Why Name a Bird Training Company “Works for Birds”?!??
Bird Trainer - Melbourne might have been a better name?
No I wasn't drunk name brainstorming when I came up with "Works For Birds". I really did try to find a name that said: bird behaviourist, bird trainer, even trains chickens, a lot of parrot training, fixes problem behaviours, stops screaming, stops biting, stops plucking. Anything avian, based in Melbourne, works online (so all over the world). Hey I fly interstate too. I weaponise people's pets! Poop training! Want to play parrot soccer with me? Yeah, no name is going to say all of that. Sorry.

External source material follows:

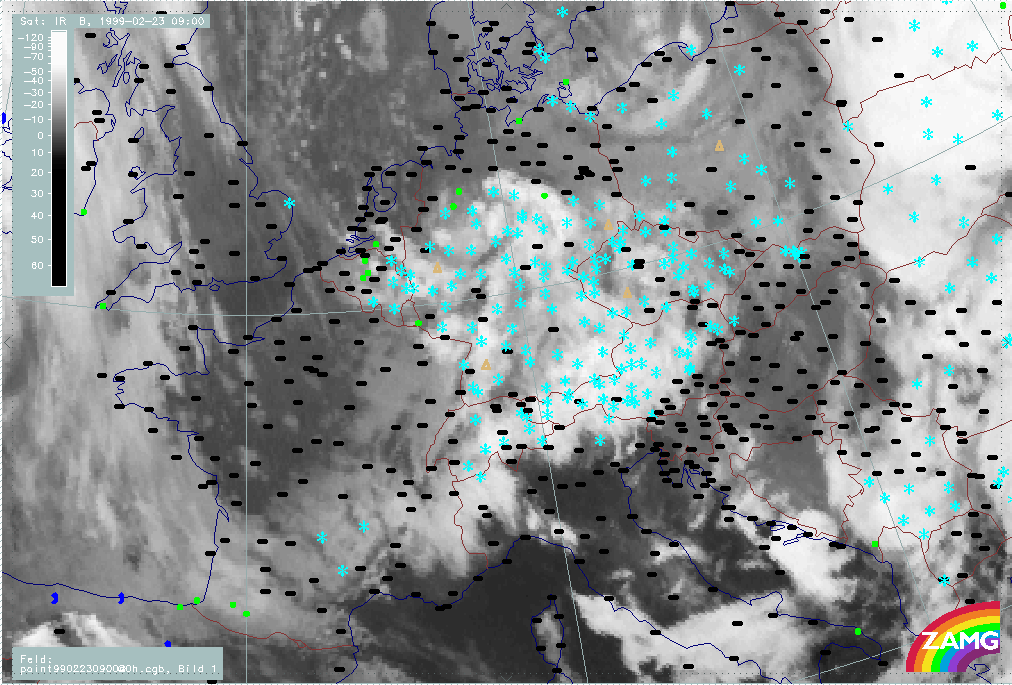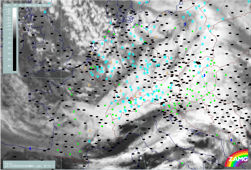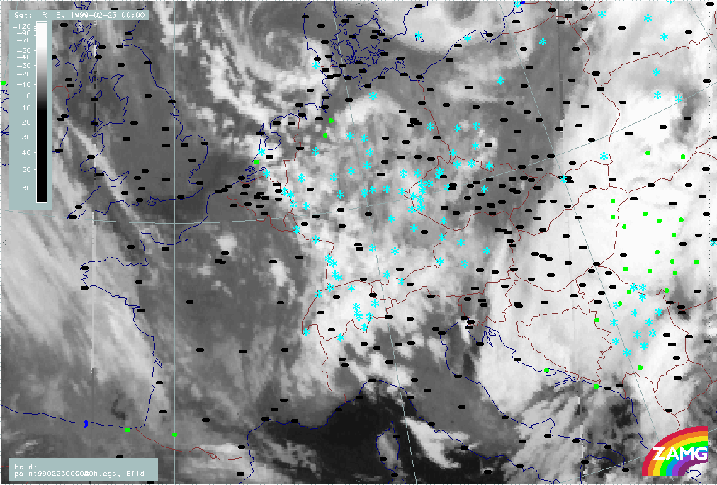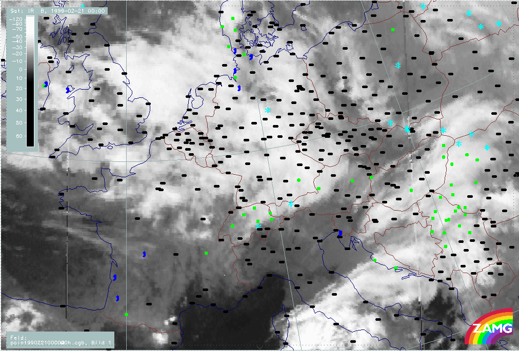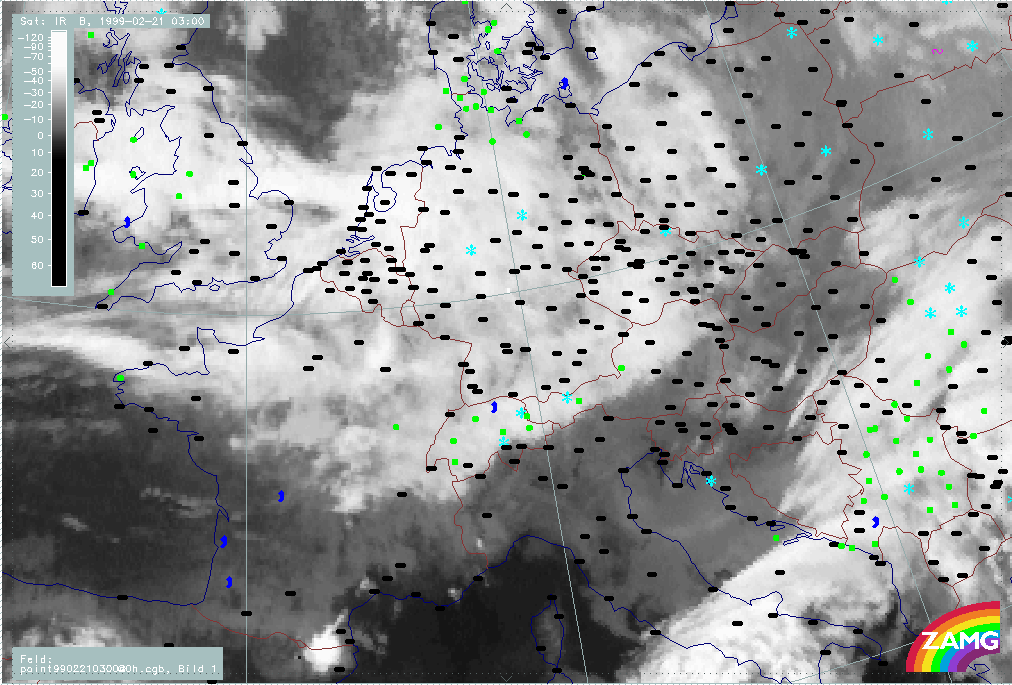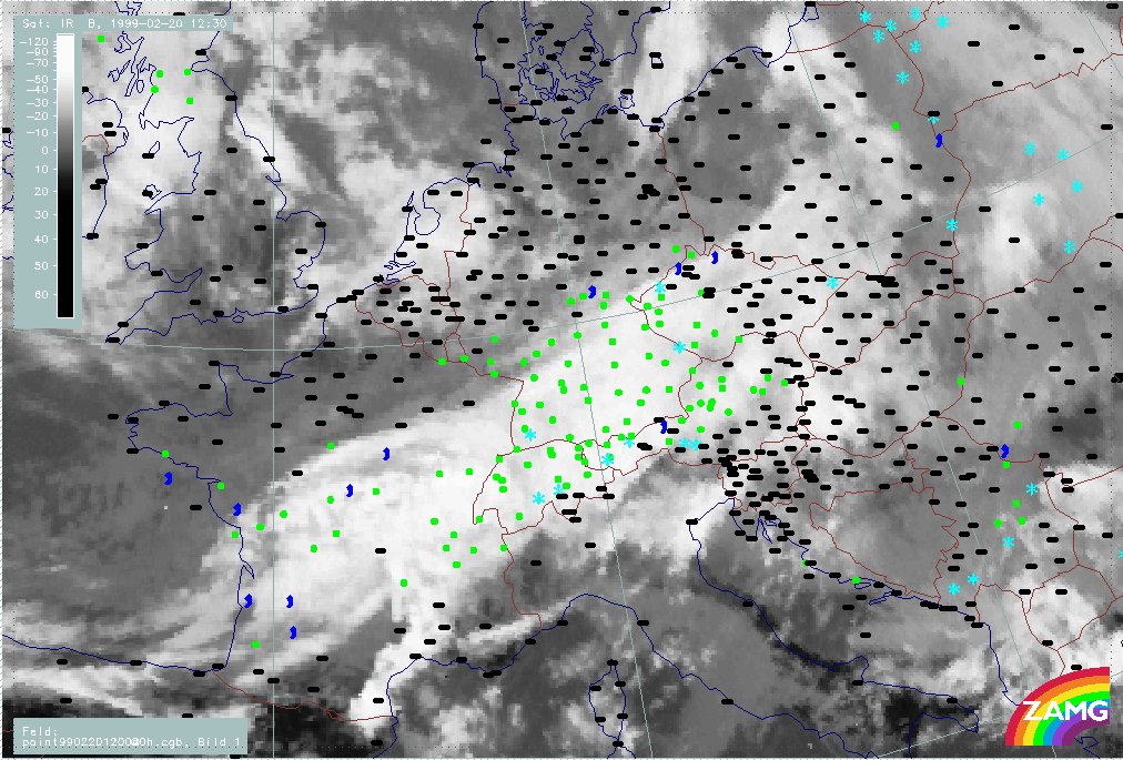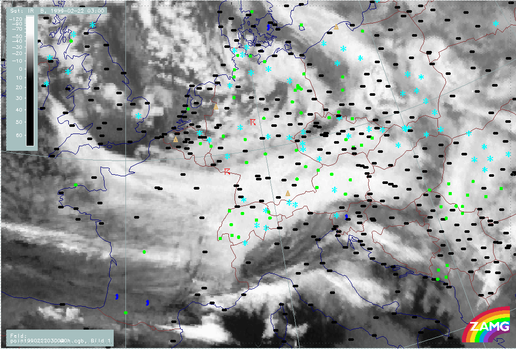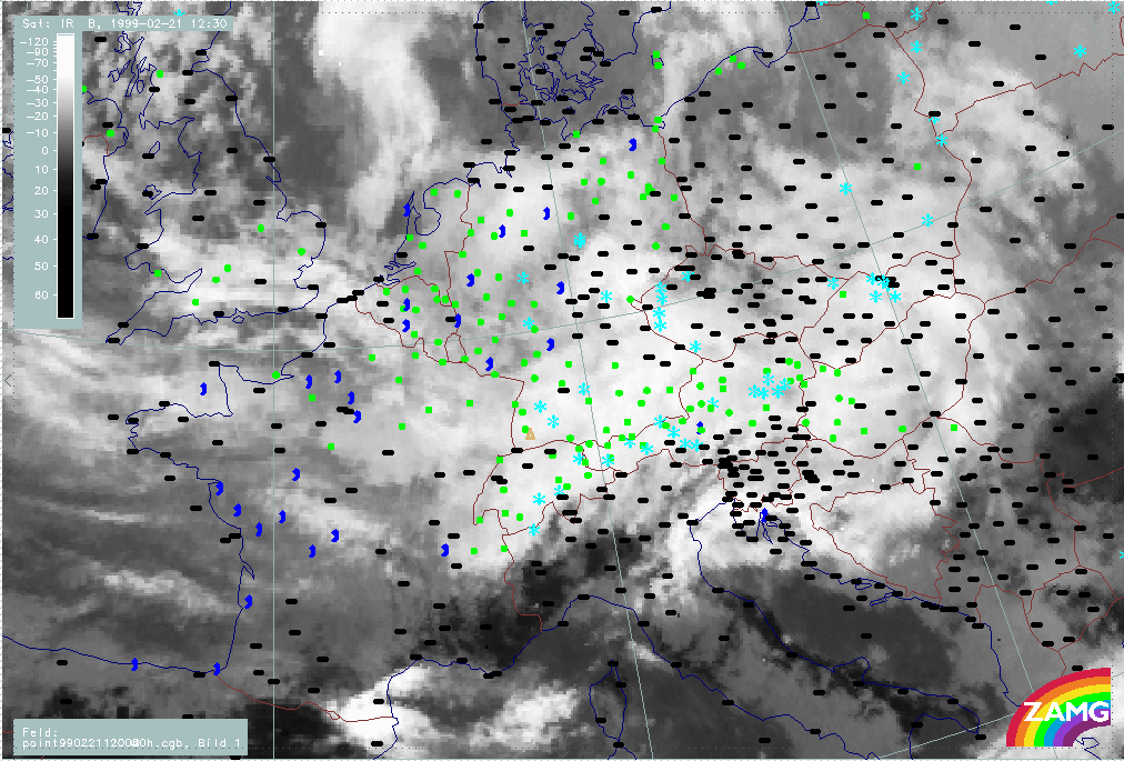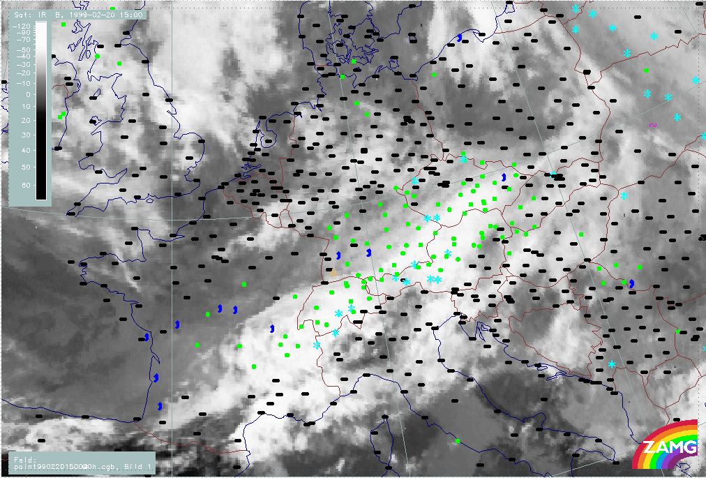 20 February 1999/21.00 UTC - Meteosat IR image; weather events (green: rain and showers, blue: drizzle, cyan: snow, red: thunderstorm with precipitation, purple: freezing rain, orange:

At the end of the day, I realised that while I do all of that stuff - there's one core point that makes any behaviouralist successful if they actually understand it. The core point is who I'm actually training. I could struggle to find a name that fits all of the different types of birds that I see, or I could realise what I'm really doing. The crux of my job, isn't actually training birds. I'm actually training humans to be better FOR their birds.
So once I realised who I was really working for, I realised I had my name. My job is to give people the tools they need to work with their birds. I have to unravel what exactly the bird needs the humans to do, to make for a harmonious relationship.
It's amazing how many people miss this part of training a bird. In fact, I recently took a phone call from someone who wanted me to board their macaw over Christmas/New Year's. Their expectation was that considering that I am a bird trainer, their bird would come home fully trained without them having to do anything themselves to achieve that. (For minimal $, I might add.)
I've certainly had birds stay with me and they have gone home with new skills. Unfortunately, that often means they picked up some language from one of my other birds. I have an eclectus parrot that does the best imitation of a machine gun and apparently the sound is highly contagious.
In general though, while I can get most birds to do whatever I want, that doesn't necessarily translate to their behaviour at home. I have always found that if I haven't taught the owner how to read their bird's body language effectively and how to reinforce behaviour appropriately, they won't be able to cue behaviours that I have taught when they weren't present.
There is a lesson that can be taken from this though. If you ever feel your pet bird is out of control, or want your bird to do something that it isn't doing, remember that the one thing you can control is yourself. What you do, is what matters most and the bird will respond to that. You just need to adjust what you're doing to change that response from your bird. Once you get that, you're well on the way to being an effective bird trainer.